GNEIMO: Constrained Molecular Dynamics Methods For Long Time Scale Simulation of Macromolecules

The two leading causes for the limitation of the all-atom molecular dynamics (MD) simulation timescales are: 1. calculation of forces that scale as the square of the number of atoms and, 2. the integration time step is limited to 1fs due to the high frequency modes in the protein.
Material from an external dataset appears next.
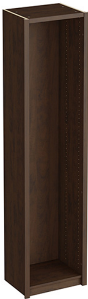
1 - SPC Frame 18X14

High performance technologies and better force calculation algorithms have addressed the former, and we address the latter issue in this work.Here we report a constrained MD method, GNEIMO (Generalized Newton-Euler inverse mass operator method), that is capable of achieving stable dynamics with integration time steps as large as 10 to 20fs. The GNEIMO method provides a platform to perform long time scale hierarchical simulations ranging from all-atom simulations, coarse-grained dynamics of clusters of few atoms, to dynamics with larger motifs constrained, at lesser computational expense compared to all-atom MD. GNEIMO method uses spatial operator algebra to solve for the internal coordinate dynamics with computational cost scaling linearly as the number of degrees of freedom.The current implementation of GNEIMO is capable of performing constant temperature Nose-Hoover dynamics, with continuum Generalized Born solvation. We use adaptive step size integration to provide stable dynamics with larger time steps. We have carried out tens of nano-seconds of stable dynamics for proteins with time steps as large as 10 to 20fs for different integrators. We report results from conformational changes of domains in proteins from long time scale dynamics. This implementation integrates the force-field module from the MD program LAMMPS, with constrained dynamics module from NASA-Jet Propulsion laboratory.